Thanks so much for responding. I managed to forget to check whether anyone did till just now!

What areas would you be looking at out west for affordability but nice place to live with children?

We would definitely be only 1 car / no cars (!) so transport is an issue, particularly being able to get to Avondale daily without a huge schlepp.

Lastly, where would you be looking for third sector jobs? Just Trademe or somewhere else??


GinSolvesEverything Thu 16-Nov-17 18:42:36

If you are only going to have one car, then I'd really recommend looking at suburbs that are serviced by the western train line. Have a look at

Glen Eden could be a good option - reasonably priced and close enough to New Lynn which may be out of your budget.

For jobs, trademe will have some, but also have a look at which is the main employment site.

Jugoo28 Fri 17-Nov-17 06:01:15 the best place for advertised jobs but recruiters are potentially the best place to start. What does your partner do? Do they have offices in Wellington? Lots of ngo/charity work here as many of the head offices want to be near government head office.

metalkprettyoneday Fri 17-Nov-17 06:25:13

Hi . I found work for NGOs by looking up organisations and then calling for advice, which led to going in for a chat, which soon led to work. People were friendly and casual. Working in Avondale means you could live further out west in a nice area and miss the city commute. Green Bay, Titirangi, even Langholm, rents are cheaper further away from the city too.

annaharvey Sat 25-Nov-17 18:48:47

Just like UK, in New Zealand the govt takes more tax from people. So, apart from the income you need to consider the tax part to see how much effectively you'll hold for your expenses. You might have to work extra hours to earn more as $72K might not be enough for a family. Try taking a good amount of money and lease a house instead of going on a rented house. This way you can be sure that your money will be back to you when you leave from one house to another.

cthbell Fri 08-Dec-17 00:42:40

Again thanks to all who've replied, so helpful.
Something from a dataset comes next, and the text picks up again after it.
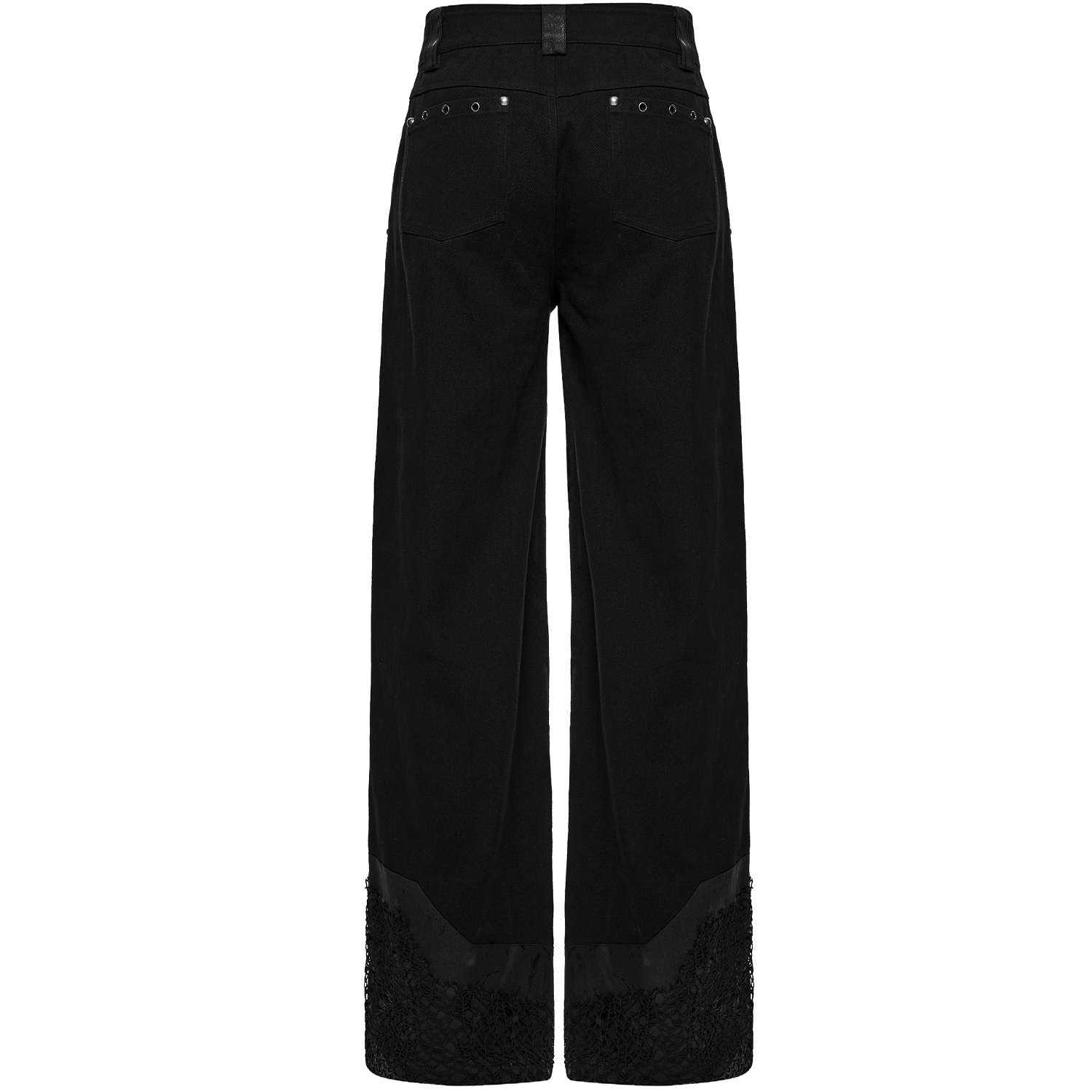 • In black twill • Slim fit • High waist with floral pattern • Two side patch pockets • Brocade fabric on the waist • Decorative lacing on the hips • Silver buckle at the back • Embroidered borders...

Job offer came in yesterday and partner is moving out in January so it's all got a bit real!
West looks good, very taken with what I've read of Titirangi. Rents seem to be ll $550 lowest for a decent house. Scary money!
Annaharvey I didn't understand what you meant about leasing rather than renting, can you explain the difference?
Thanks, Cath

lizsparkles Fri 08-Dec-17 21:47:04

Auckland is a beautiful city to live but its expensive as well. You might need to earn about $100K to pay for kids education especially if its a private school you want to put into.

Other than that, its almost like UK in terms of system and public transport.